WHAT THE EXERCISE ASKS
Every line from the opening of the records to the line with "conductora su anuncio." should be restated exactly, with both ends included and the pictures left out.

Source data
*** Begin section ***
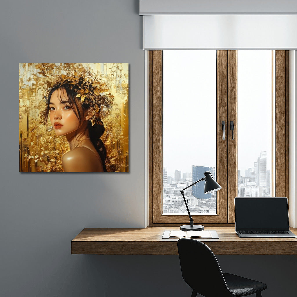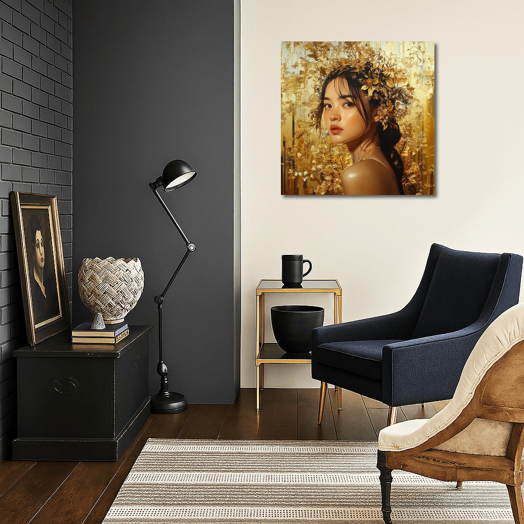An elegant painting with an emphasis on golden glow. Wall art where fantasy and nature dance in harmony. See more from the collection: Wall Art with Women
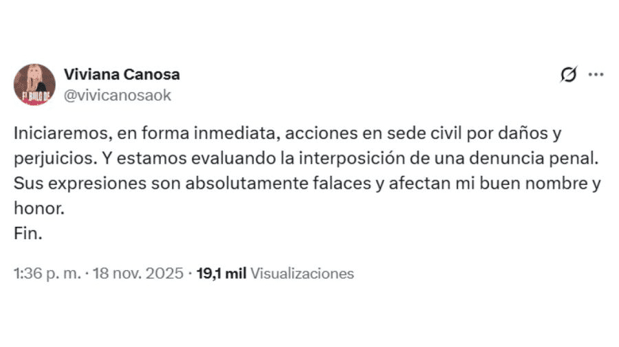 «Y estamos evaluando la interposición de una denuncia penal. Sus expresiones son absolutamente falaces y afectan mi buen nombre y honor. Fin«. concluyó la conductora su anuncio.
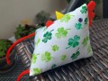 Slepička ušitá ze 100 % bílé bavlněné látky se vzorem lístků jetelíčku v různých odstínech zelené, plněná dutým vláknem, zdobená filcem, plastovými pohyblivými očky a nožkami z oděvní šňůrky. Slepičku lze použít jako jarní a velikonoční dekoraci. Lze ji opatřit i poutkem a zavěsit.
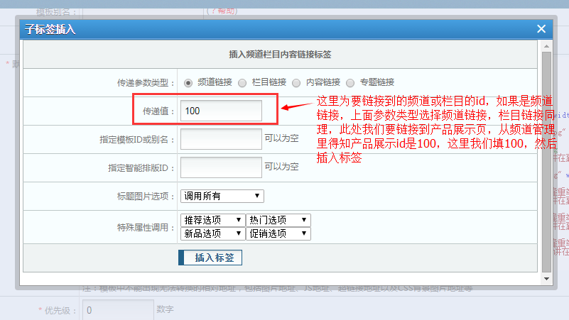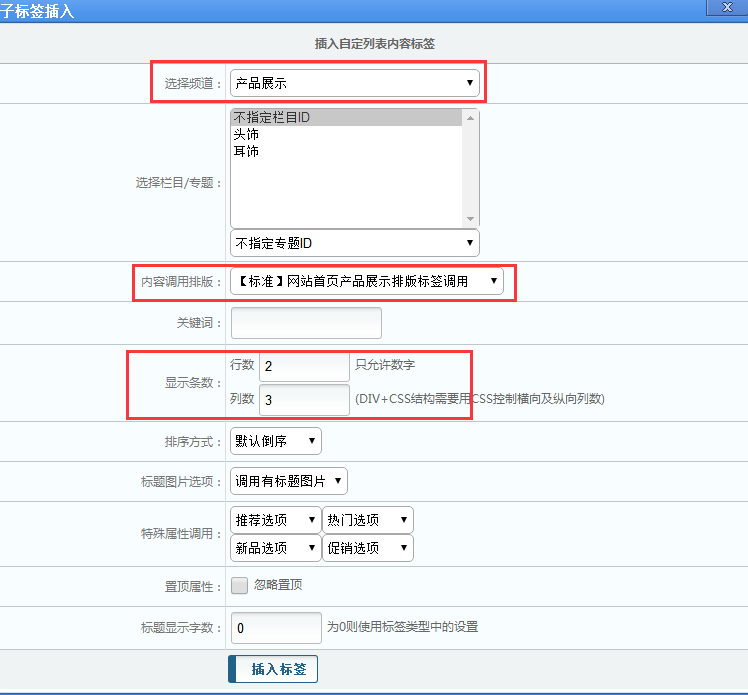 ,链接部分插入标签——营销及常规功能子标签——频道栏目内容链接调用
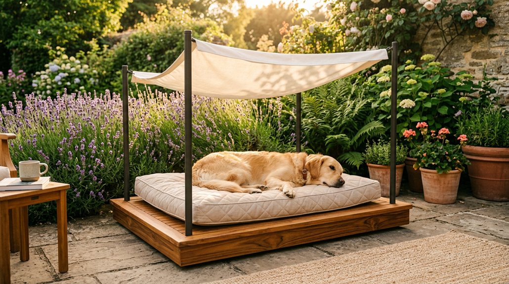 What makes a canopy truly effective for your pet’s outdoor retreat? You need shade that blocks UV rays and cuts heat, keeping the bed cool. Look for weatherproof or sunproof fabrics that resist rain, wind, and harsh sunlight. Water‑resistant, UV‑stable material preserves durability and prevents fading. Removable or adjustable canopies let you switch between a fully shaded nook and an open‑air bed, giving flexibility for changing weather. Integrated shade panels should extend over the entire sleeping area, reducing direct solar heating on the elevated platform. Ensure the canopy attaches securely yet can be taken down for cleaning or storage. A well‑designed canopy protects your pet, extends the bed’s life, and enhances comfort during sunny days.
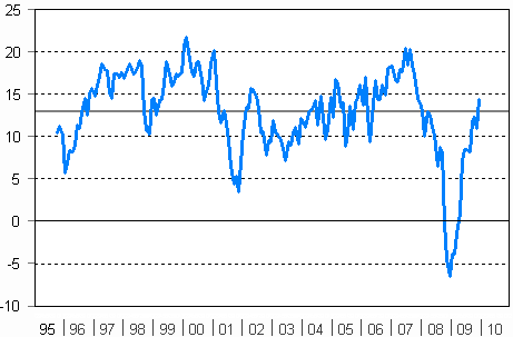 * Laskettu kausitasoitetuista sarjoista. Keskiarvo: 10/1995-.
*** End section ***
RESULT
An elegant painting with an emphasis on golden glow. Wall art where fantasy and nature dance in harmony. See more from the collection: Wall Art with Women
 «Y estamos evaluando la interposición de una denuncia penal. Sus expresiones son absolutamente falaces y afectan mi buen nombre y honor. Fin«. concluyó la conductora su anuncio.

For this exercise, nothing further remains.